The first sheet should contain male rows, and the second
sheet should contain female rows. We can use the DataSheet.Split
method to do this, as the following code snippet illustrates:
[C#]
// Split sheet by gender.
DataSheet[] genderSheets = sheet.Split("Gender");
// Access sheets individually.
DataSheet maleSheet = genderSheets[0];
DataSheet femaleSheet = genderSheets[1];
The two resulting data sheets are illustrated below:
| Name |
Gender |
Score |
| Michael |
Male |
62 |
| Peter |
Male |
82 |
| James |
Male |
77 |
Table 3.12 - Male exam results.
| Name |
Gender |
Score |
| Mary |
Female |
75 |
| Sue |
Female |
61 |
Table 3.13 - Female exam results.
The first line of the above code snippet splits the sheet
by gender. This returns an array of split sub-sheets. In
this case, the array will contain two sheets, one for male
scores and the other for female scores. The second and third
lines above access the individual sub-sheets for further
processing.
3.5 Sorting Data
3.5.1 Sorting Rows
The DataSheet.Sort method may be used to sort a data sheet.
This method modifies a data sheet by reordering its rows
according to a specified sort criteria. The sort method
is overloaded but essentially it accepts a list of columns
followed by an optional list of sort orders. If the sort
orders are not specified, then the default will be used.
The default is specified by the StatsConfiguration class
SortOrder property. If not set, the sort order property
will default to sorting in ascending order.
To illustrate how sorting works, consider the following
data which represents the percentage result threshold for
various exam grades:
| Grade |
Result |
| A |
80 |
| B |
65 |
| 1st |
90 |
| D |
40 |
| C |
50 |
| E |
30 |
Table 3.14 - Unsorted data for exam grade thresholds.
As can be seen, the above data is not sorted. Suppose we wish
to sort by grade. We can use the following line of code to do
this:
[C#]
// Sort sheet by grade.
sheet.Sort("Grade");
This will result in the following sorted data sheet:
| Grade |
Result |
| 1st |
90 |
| A |
80 |
| B |
65 |
| C |
50 |
| D |
40 |
| E |
30 |
Table 3.15 - Data after sorting by grade.
In order to sort data in descending order, we can use an
overload of the DataSheet.Sort method that also accepts a
value from the SortOrder enumeration. The following line
of code will sort the data sheet in descending order by result:
[C#]
// Sort sheet by result descending.
sheet.Sort("Result", SortOrder.Descending);
This will result in the following sorted data sheet:
| Grade |
Result |
| E |
30 |
| D |
40 |
| C |
50 |
| B |
65 |
| A |
80 |
| 1st |
90 |
Table 3.16 - Data after sorting by result descending.

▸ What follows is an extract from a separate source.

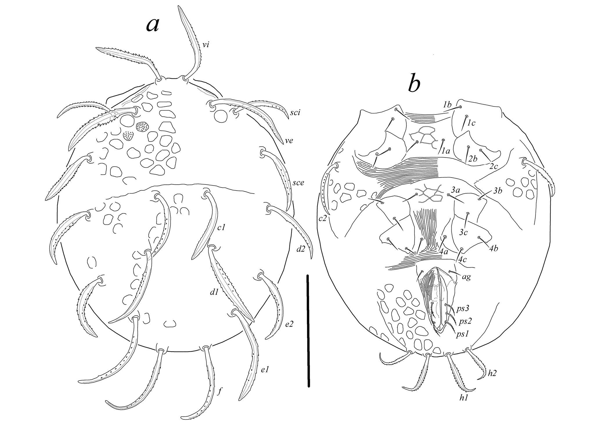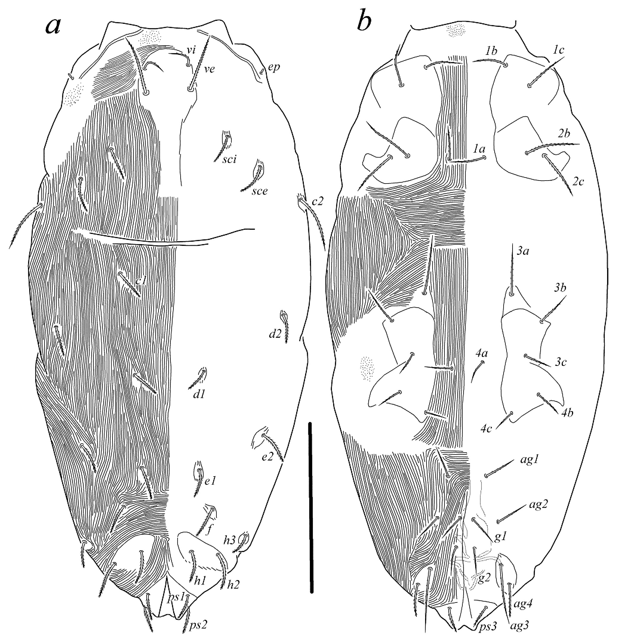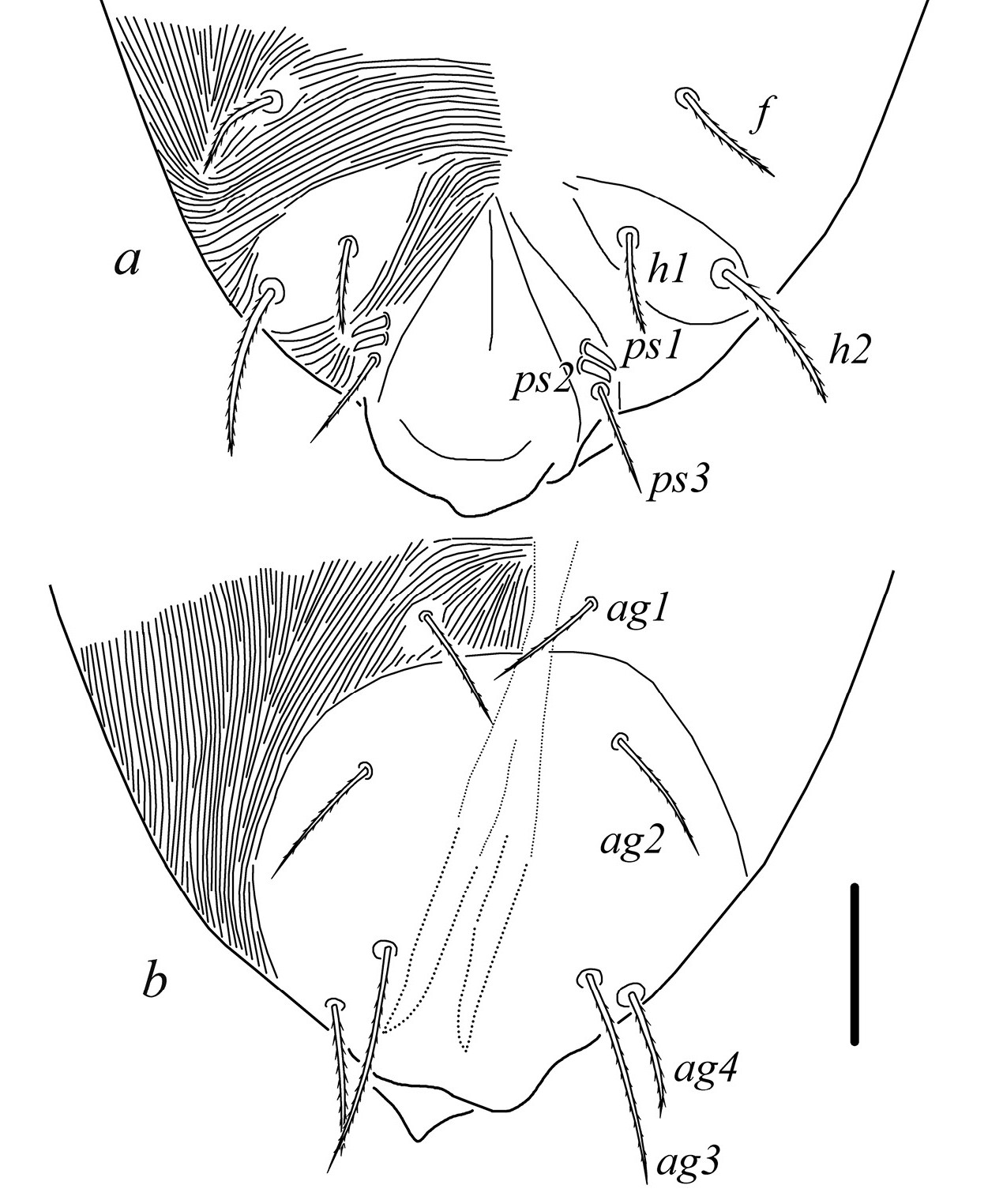 Idiosomal venter (Fig. 1b). All ventral plates smooth; four pairs of aggenital setae, setae ag3 and ag4 located on small plates; two pairs of genital setae. All ventral setae weakly barbed, setae ps1–ps3 and ag4 weakly blunt-tipped, other ventral setae pointed. Setae 3a located on small endopodal plates; setae 4a situated on striated cuticle. Cuticle just posteriad gnathosoma and laterad bases of legs I-II and III-IV with tubercles. Lengths of ventral setae: 1a 21, 1b 22, 1c 27, 2b 32, 2c 29, 3a 33, 3b 22, 3c 17, 4a 17, 4b 15, 4c 14, ag1 21, ag2 21, ag3 42, ag4 20, g1 17, g2 17, ps1 16, ps2 16, ps3 15.

If you wish to reorder a sheet's rows explicitly it is possible
to use the RowList Reorder method. This method accepts a list of
row indices and reorders the data sheet accordingly. For example,
suppose we wished to reorder the above data in acending order,
but with the row for grade 1st at the end. We could do this with
the following line of code:
[C#]
// Reorder the rows explicitly.
sheet.Rows.Reorder(0, 1, 4, 3, 5, 2);
Note that this method accepts a list of row positions. Since we
start with row position 0, the above code will result in the
following explicitly sorted data sheet:
| Grade |
Result |
| A |
80 |
| B |
65 |
| C |
50 |
| D |
40 |
| E |
30 |
| 1st |
90 |
Table 3.17 - Data after explicitly reordering rows.
3.5.2 Sorting Column Values
In order to sort only a single column leaving other columns
intact it is possible to use the column Sort method. This
method accepts a SortOrder value and sorts only a single column.
Similarly, it is possible to use the column reorder method to
explicitly reorder a column's values.